Drop all images. Then write out each line below exactly as given.

▸ **Data extract**
__________

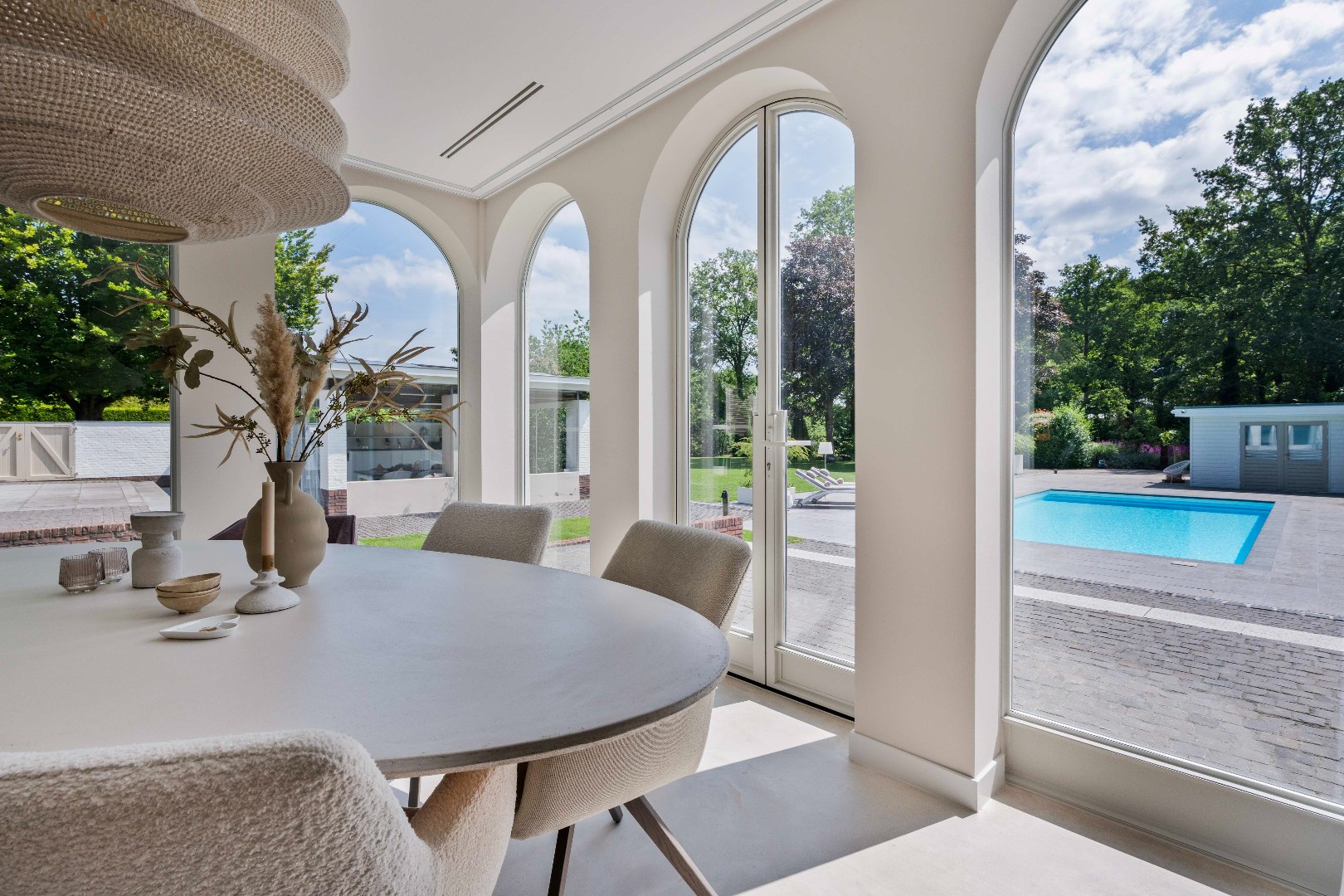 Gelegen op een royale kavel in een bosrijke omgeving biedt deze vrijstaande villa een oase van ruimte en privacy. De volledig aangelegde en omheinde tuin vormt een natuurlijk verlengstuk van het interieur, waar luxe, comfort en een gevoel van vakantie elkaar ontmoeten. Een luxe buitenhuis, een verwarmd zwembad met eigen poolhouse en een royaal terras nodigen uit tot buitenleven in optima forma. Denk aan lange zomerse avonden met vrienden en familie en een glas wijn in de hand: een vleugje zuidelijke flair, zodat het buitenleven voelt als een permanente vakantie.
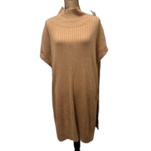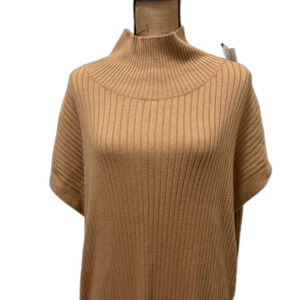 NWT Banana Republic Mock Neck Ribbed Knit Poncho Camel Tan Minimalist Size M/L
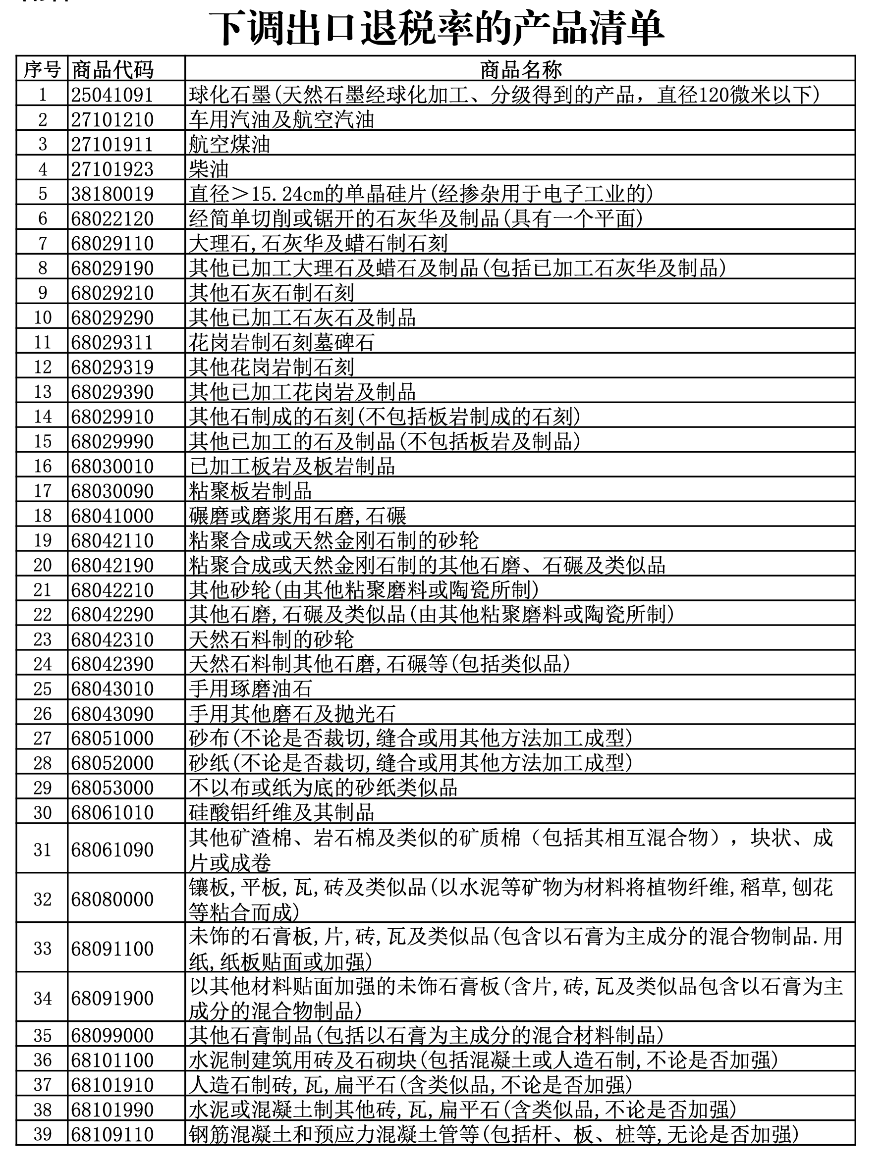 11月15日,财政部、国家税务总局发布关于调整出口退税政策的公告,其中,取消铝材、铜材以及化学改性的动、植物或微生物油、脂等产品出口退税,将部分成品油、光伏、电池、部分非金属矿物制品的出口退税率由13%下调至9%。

__________

▸ **Your response**
 Gelegen op een royale kavel in een bosrijke omgeving biedt deze vrijstaande villa een oase van ruimte en privacy. De volledig aangelegde en omheinde tuin vormt een natuurlijk verlengstuk van het interieur, waar luxe, comfort en een gevoel van vakantie elkaar ontmoeten. Een luxe buitenhuis, een verwarmd zwembad met eigen poolhouse en een royaal terras nodigen uit tot buitenleven in optima forma. Denk aan lange zomerse avonden met vrienden en familie en een glas wijn in de hand: een vleugje zuidelijke flair, zodat het buitenleven voelt als een permanente vakantie.
 NWT Banana Republic Mock Neck Ribbed Knit Poncho Camel Tan Minimalist Size M/L
 11月15日,财政部、国家税务总局发布关于调整出口退税政策的公告,其中,取消铝材、铜材以及化学改性的动、植物或微生物油、脂等产品出口退税,将部分成品油、光伏、电池、部分非金属矿物制品的出口退税率由13%下调至9%。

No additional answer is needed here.